"Парижский эрос" - читать интересную книгу автора (Ромэн Жюль)

IX НЕМЕЦКИЙ РЕВОЛЮЦИОНЕР

Сампэйр разослал обычным посетителям своих сред следующее извещение, с некоторыми вариантами:

«Постарайтесь прийти завтра вечером. У меня будет Роберт Михельс, немецкий социалист, которого, быть может, вы знаете по имени. Он, впрочем, отлично знаком с французскими обстоятельствами и очень хорошо говорит по-французски. Думаю, что он будет вам интересен. А затем я не хотел бы, чтобы он оказался случайно в слишком маленьком обществе. Вот почему я позволил себе обратиться к вам с этим дружеским напоминанием».

Все явились на этот зов, кроме г-жи Легравран; она была нездорова. Пришло даже двое друзей, бывавших реже: Лигвэн и Ротвейль. В отличие от остальных, они не были бывшими учениками Сампэйра. Лигвэн моложе его на несколько лет, был его товарищем по Нормальной школе в Отейле. А Ротвейль, человек лет пятидесяти, владелец магазина обуви на улице Дюнкерк, познакомился с Сампэйром в Союзе Просвещения.

Все постарались прийти пораньше, чтобы дружеский прием иностранцу могло оказать уже многочисленное общество.

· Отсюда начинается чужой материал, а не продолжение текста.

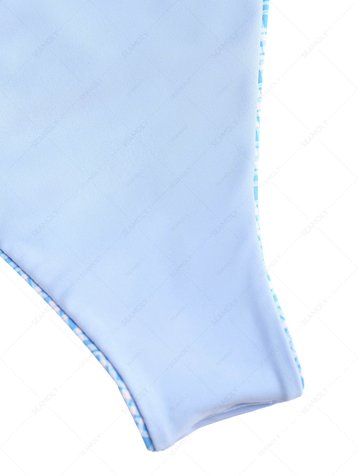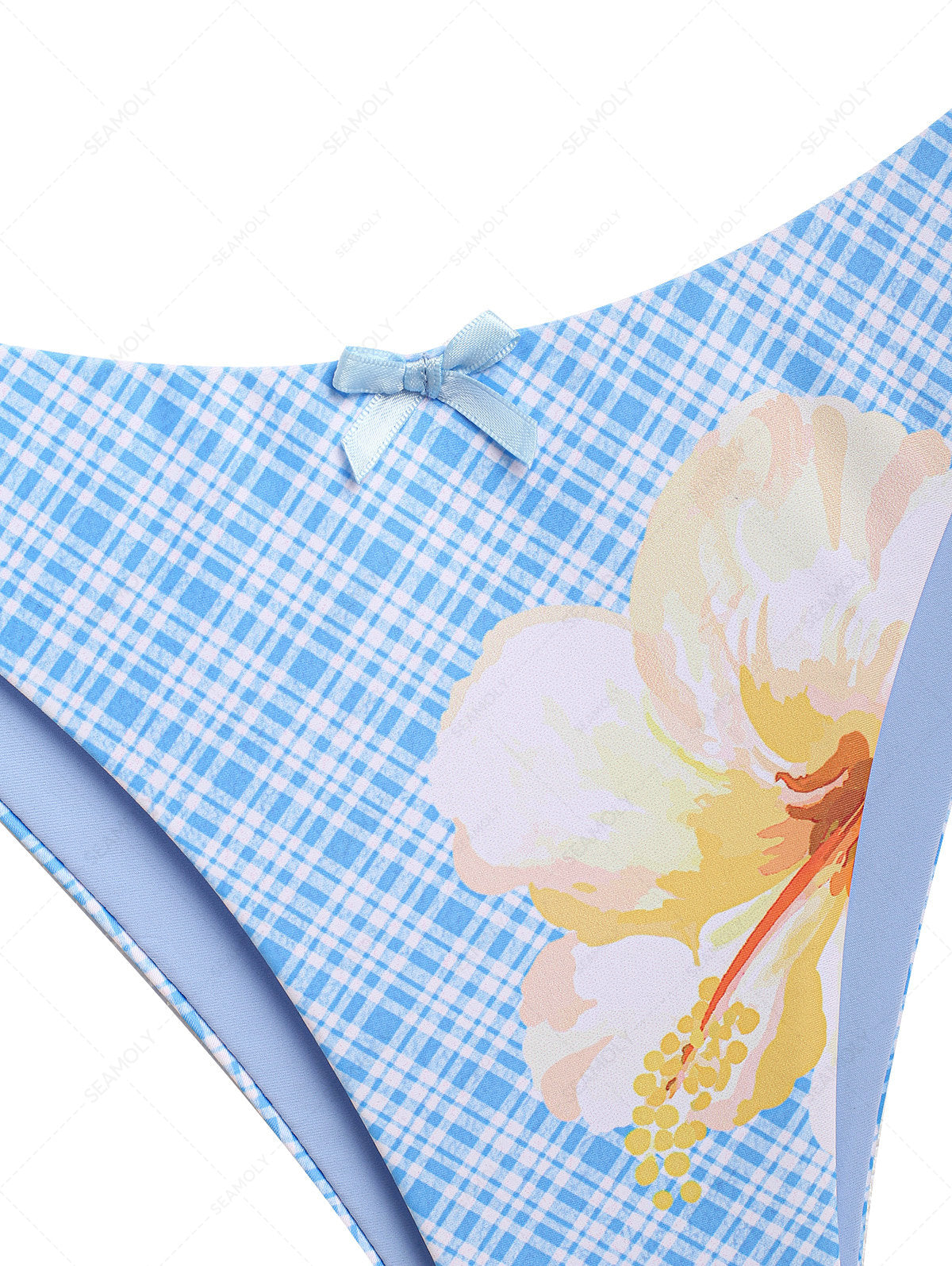 Light Blue Plaid Floral Bowknot Cheeky Bikini Bottom

Но пришедшие первыми, к большому своему изумлению, уже застали Сампэйра посреди комнаты с громко разговаривающим и сильно жестикулирующим рослым молодцом, в котором сразу же, по телосложению и типу, узнали немца даже те, кто имел о Германии самые смутные представления.

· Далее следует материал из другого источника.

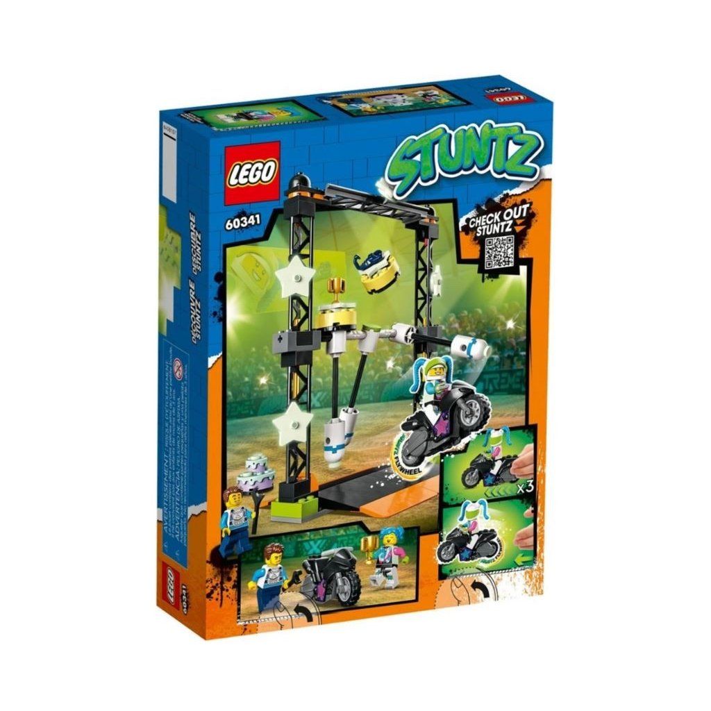 Súťaživé deti si určite zamilujú stavebnicu LEGO® City Kladivová kaskadérska výzva 60341 s prvkami, ktoré svietia v tme. Deti môžu vyštartovať na motorke so zotrvačníkom a zasiahnuť stĺp, aby získali cenu. A vďaka 2 obľúbeným postavičkám zo seriálu LEGO City Adventures je všetko pripravené na vymýšľanie zábavných scénok. Po spojení s inými setmi zo série LEGO City Stuntz navyše zažijete ešte viac kaskadérskej akcie.

Каждый раз, когда его знакомили с входящим, он порывисто вставал; и был так высок, что люди невольно посматривали на довольно низкий потолок, опасаясь, что он не рассчитан на людей такого роста.

Роберт Михельс расшаркивался, низко кланялся мужчинам, очень низко — дамам, не переставая улыбаться и не раз шутливо перебивая Сампэйра, который его представлял гостям.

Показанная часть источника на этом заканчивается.